** Activity **
Of the entries below, restate word for word only the section that runs from the line with "Round off your" to the line with "冷凍ぶどうがシャーベットみた", counting both ends.

──────── Material shown

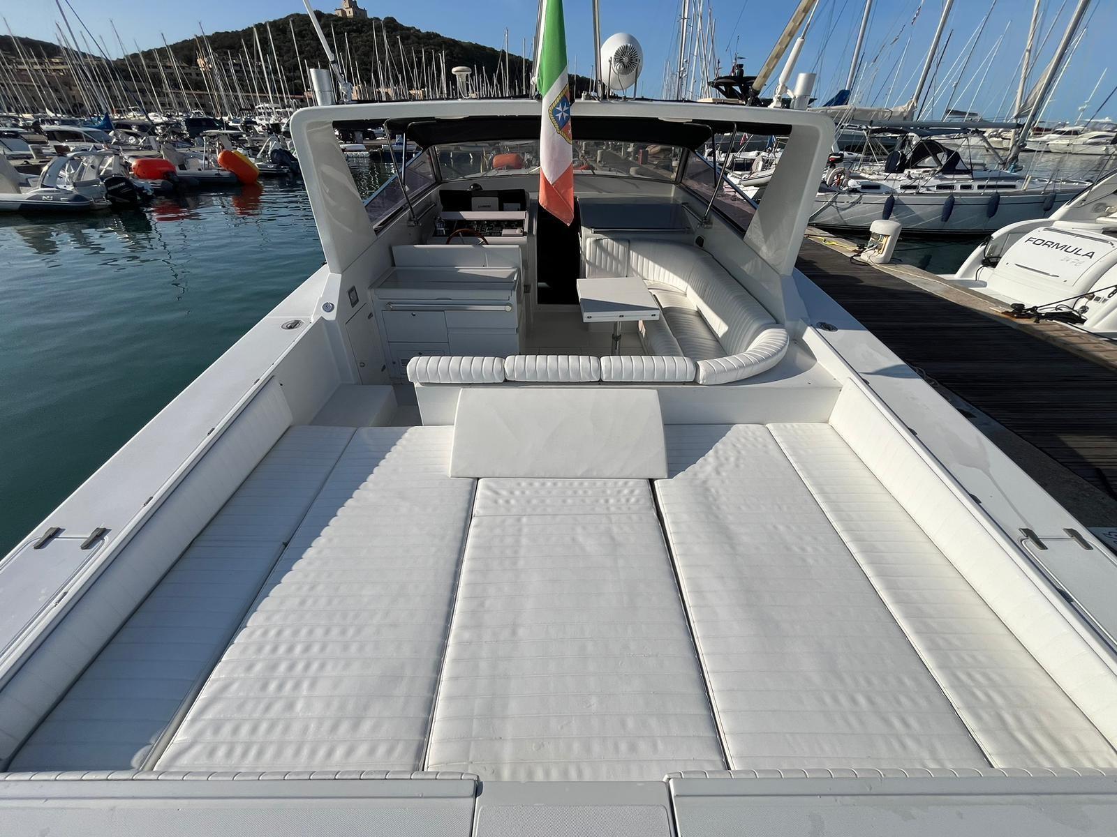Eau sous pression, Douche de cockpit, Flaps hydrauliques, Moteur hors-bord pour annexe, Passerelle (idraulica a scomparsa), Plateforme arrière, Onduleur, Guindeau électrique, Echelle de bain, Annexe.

────────────────
──────── Material shown

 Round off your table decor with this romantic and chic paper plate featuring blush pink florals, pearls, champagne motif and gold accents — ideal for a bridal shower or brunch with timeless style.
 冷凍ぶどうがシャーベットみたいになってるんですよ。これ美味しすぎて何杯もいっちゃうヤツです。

────────────────
──────── Material shown

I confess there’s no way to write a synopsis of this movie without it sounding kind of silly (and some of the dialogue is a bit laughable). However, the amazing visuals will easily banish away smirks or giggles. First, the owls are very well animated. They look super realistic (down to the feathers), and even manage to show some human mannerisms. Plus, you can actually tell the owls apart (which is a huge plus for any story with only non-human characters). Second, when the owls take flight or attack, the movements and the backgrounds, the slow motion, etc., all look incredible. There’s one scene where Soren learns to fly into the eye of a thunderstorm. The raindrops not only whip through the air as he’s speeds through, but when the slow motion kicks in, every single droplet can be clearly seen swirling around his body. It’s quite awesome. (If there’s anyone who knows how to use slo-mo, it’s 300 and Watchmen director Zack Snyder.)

────────────────

** Written solution **
 Round off your table decor with this romantic and chic paper plate featuring blush pink florals, pearls, champagne motif and gold accents — ideal for a bridal shower or brunch with timeless style.
 冷凍ぶどうがシャーベットみたいになってるんですよ。これ美味しすぎて何杯もいっちゃうヤツです。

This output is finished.